Redefining Success For Young Men
Zac Sielder is a clinical psychologist and men’s health researcher. Zac has spent the past several years working out how to better understand and respond to male distress and suicidality. He has worked with a diverse range of men and boys, from those with HIV+ to Indigenous youth in Darwin.
His focus is on using a strength-based approach to working with men and masculinity, and in his role as Director of Mental Health Training, is developing the world’s first online training program, Men in Mind, to upskill mental health clinicians, with the goal of keeping clients attending, motivated and improving throughout their treatment.
There’s a lot of talk that the time has finally come to shed our Covid lockdown skin and morph back into a fully realised version of ourselves that existed prior to March 2020.
The idea that we can just get back on the horse, let alone remember how to ride it, is one rife with problems when you start to consider the unique trajectories some have experienced over the past 18 months.
The group that jumps out at me as being most at risk of slipping through the cracks are young men. It just takes looking at the stark statistics that we had coming into the pandemic, with young women consistently outperforming young men across the board from health to education to employment outcomes, to see that a storm was on the horizon.
Now, without the right social scaffolding to support and transition young guys out of this period, we risk serious ramifications on their health and wellbeing and indeed the social fabric of our next generation.
To be clear, this is not a sob story for young guys who we know have plenty of privilege and opportunity on their side. It’s more a belief that rather than families, educators, health professionals, employers and the justice system continuing to bear the burden of these young men feeling unheard and misunderstood as they strive towards an unattainable and unrealistic standard of manhood, we can find ways to reach into their lives and open up lines of communication.
Without robust and meaningful social connections, emotion regulation skills and flexible ideas of what success actually looks like, these guys have struggled and it’s taking its toll.
All of us have had the rug pulled out from underneath us throughout the past 18 months, with plans for things such as travel, study or a career shake-up put on the backburner. Nonetheless, the expectations of success remain the same. Be productive, get that promotion, keep up your social connections, stay fit … the list goes on.
Most of us have failed to achieve what we set out to do, but with years in a career, or a university degree under our belt, we had a frame of reference to begin to understand that none of this is of our own doing and we’ve got the foundations to fall back on.
Many young men we’ve spoken to in our research at Movember have described feeling fundamentally unprepared to deal with life’s challenges, frustrated and forgotten as the pandemic has gone on. Throughout the pandemic, as our physical worlds shrunk and our online identity defined us, externally visible sources of success became even more rampant, and we need to now retrain and prioritise fostering an internal, self-determined life satisfaction.
In a global survey we conducted at Movember among almost 4000 young men aged 18-34, more than half (52 percent) of them noted that they’d missed out on chances they’ll never get back due to the pandemic. This isn’t a startling finding; in fact, it’s the narrative that underpins it that is cause for concern.
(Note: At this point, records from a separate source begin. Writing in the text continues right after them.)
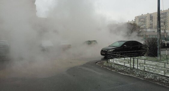 Горячим паром заволокло улицу Маршала Казакова, около дома №28/3.КП - Санкт-Петербург
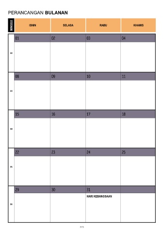 PERANCANGAN BULANAN MINGGU ISNIN SELASA RABU KHAMIS 01 02 03 04 32 08 09 10 11 33 15 16 17 18 34 22 23 24 25 35 29 30 31 HARI KEBANGSAAN 36 373
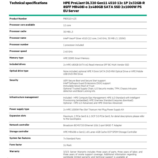 Model Name HPE PL DL320g11 4510 (2.4/12C) 2x32G 2x480G SATA SSD MR408i-o 8SFFBCU3 2x1000W 2x1Gb 1U EIR

The reason that this feeling of underachievement is uniquely problematic for this generation of young men is the fact that many of them feel embarrassed, uncomfortable or emasculated by the thought of sharing these fears with friends or family.
This contributes to a culture of silence that means many young men fixate on their future, and whether they will be “a success”, without having a realistic blueprint of what actually reflects “success”.
Some 46 percent of our young men surveyed said they don’t feel prepared to deal with future problems they may face, and it’s because they’re facing them alone.
Our investigation uncovered a connection between young men’s real-life anxieties, and the binary definitions of masculine success reinforced across their lives – from sports fandoms and social media banter to gaming, education, work and dating. In short, the message many young guys are internalising is that if they aren’t the best at something, they are a failure.
It turns out that by surviving off a diet of success that is tied to external validation from your pay packet or promotion, you end up starving for purpose and meaning.
The same dialogue is running rampant in too many of these young guys’ minds, fuelled by the feeling that they are alone, that they are somehow unique in their sense of shame around not being able to live up to a standard of success that they see as the “bar”. In fact, they are the norm rather than the exception.
The making of complex, vulnerable, healthy and caring men must be purposeful and requires more voices speaking to the reality, the messy ups and downs, trial and error; the idea that simply trying to find your own path and figure things out is success in and of itself, as opposed to not trying. We need male role models coming forward and speaking not only to how they overcame challenges, but how they are still grappling with them, that the work never ends, but is necessary and enriching.
Young guys are starving for some openness, honesty and a bit more positivity in their lives.
That’s what Movember’s moustache signifies – it’s about doing things a little differently, getting itchy and pushing past the discomfort of looking like Freddie Mercury gone wrong to realise what we’re capable of as men. We need to add our health, our mates, our role as fathers, and realise that if we don’t all succeed as men together (by looking after ourselves), then none of us do.